This guy, Tucker, is one of the 4-legged loves of my life. In previous posts I’ve written about how through our daily romps in the woods around my land and walks around the neighborhood he reminds me about what’s most important in life, especially as I veer off into thoughts about my unanswered emails, calls, bills needing attention, etc. (Refer to “Its’ All About the Ball!”)
I share him with our next door neighbors Peggy and Dave who inherited him, not having had an agenda or a wish for such a demanding, messy creature. They love Tucker but Dave isn’t a dog guy. So our arrangement works. I don’t have a dog of my own, so Tucker is it. He lives at Peggy and Dave’s, but his heart lives with me.

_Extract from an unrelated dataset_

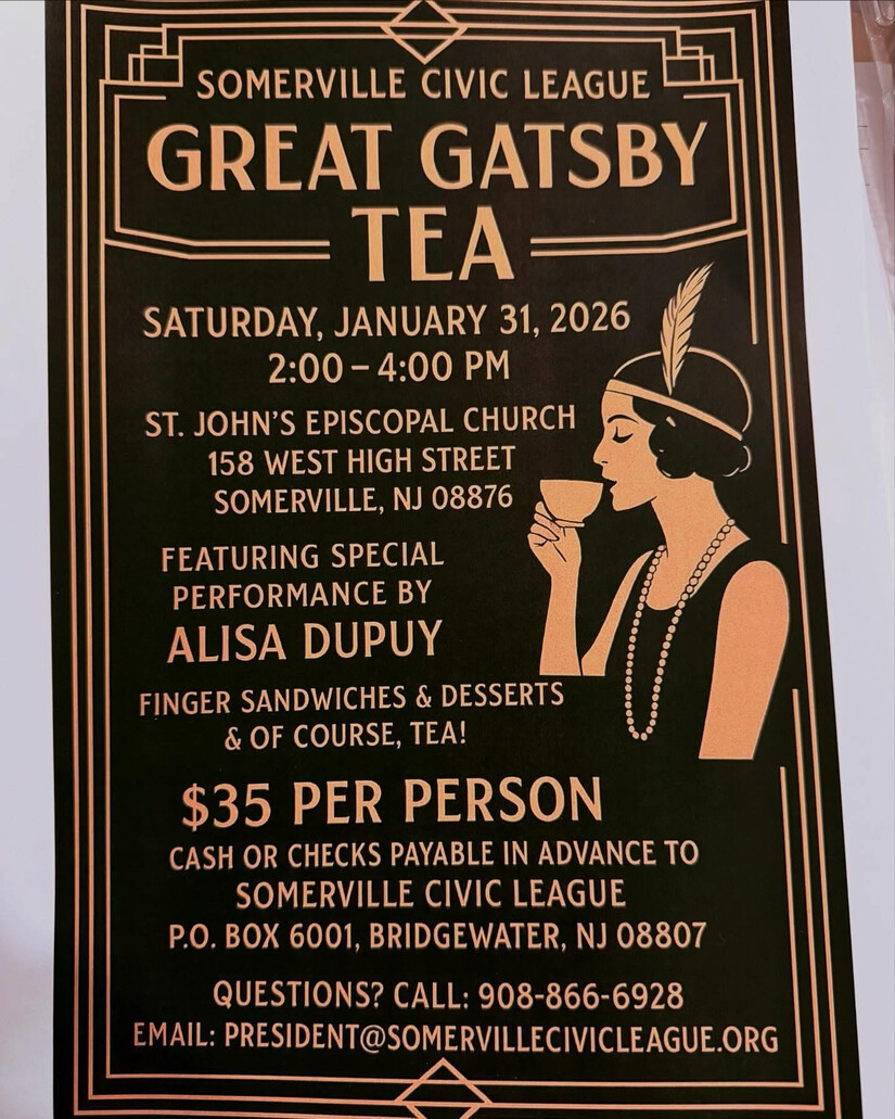 Somerville Civic League - Great Gatsby Tea on Saturday, January 31st in Somerville

Here’s the thing: Tucker at 7 years old has terminal cancer. Six months after surgery to remove a huge malignant mass on his thyroid the cancer is back. After a subsequent evaluation, the vet gave him about 7 months to live. My challenge is how to manage the pain of witnessing his imminent suffering and probably losing him not long from now, without wasting precious time we have together today – time for joy and much fun. It’s a mind screw and a heartbreak – right now he has minor symptoms – some weakness in his legs and some coughing, but other than that he still acts like an exuberant toddler, full of sweetness, innocence and life.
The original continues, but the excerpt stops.